**Material for this task:**
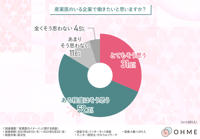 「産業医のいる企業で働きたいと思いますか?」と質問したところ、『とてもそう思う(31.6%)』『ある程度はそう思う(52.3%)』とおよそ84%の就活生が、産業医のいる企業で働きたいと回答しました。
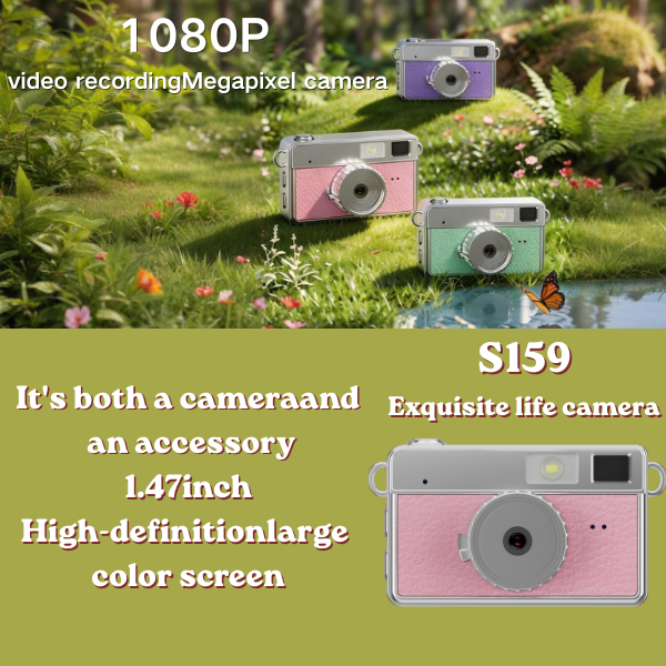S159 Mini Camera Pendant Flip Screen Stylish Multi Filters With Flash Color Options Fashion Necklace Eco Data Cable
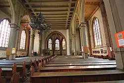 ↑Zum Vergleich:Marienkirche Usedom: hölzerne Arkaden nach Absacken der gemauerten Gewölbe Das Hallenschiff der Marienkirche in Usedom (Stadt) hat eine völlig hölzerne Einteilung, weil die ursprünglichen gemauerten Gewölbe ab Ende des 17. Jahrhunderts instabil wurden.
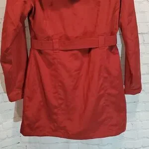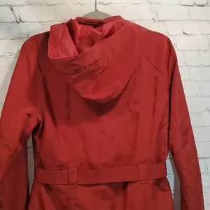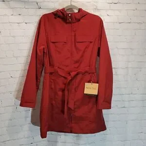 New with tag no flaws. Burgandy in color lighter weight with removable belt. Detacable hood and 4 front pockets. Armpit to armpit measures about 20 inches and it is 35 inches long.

--

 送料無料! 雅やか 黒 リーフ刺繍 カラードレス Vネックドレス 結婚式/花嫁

...

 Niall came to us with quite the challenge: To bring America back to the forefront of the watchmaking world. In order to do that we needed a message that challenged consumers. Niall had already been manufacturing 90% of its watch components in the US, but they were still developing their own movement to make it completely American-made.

**What to work on:**
Precisely those lines above that run from the line with "Jahrhunderts instabil wurden." up to and including the line with "New with tag" are to be set down, with the pictures omitted.

**Expected output:**
 ↑Zum Vergleich:Marienkirche Usedom: hölzerne Arkaden nach Absacken der gemauerten Gewölbe Das Hallenschiff der Marienkirche in Usedom (Stadt) hat eine völlig hölzerne Einteilung, weil die ursprünglichen gemauerten Gewölbe ab Ende des 17. Jahrhunderts instabil wurden.
 New with tag no flaws. Burgandy in color lighter weight with removable belt. Detacable hood and 4 front pockets. Armpit to armpit measures about 20 inches and it is 35 inches long.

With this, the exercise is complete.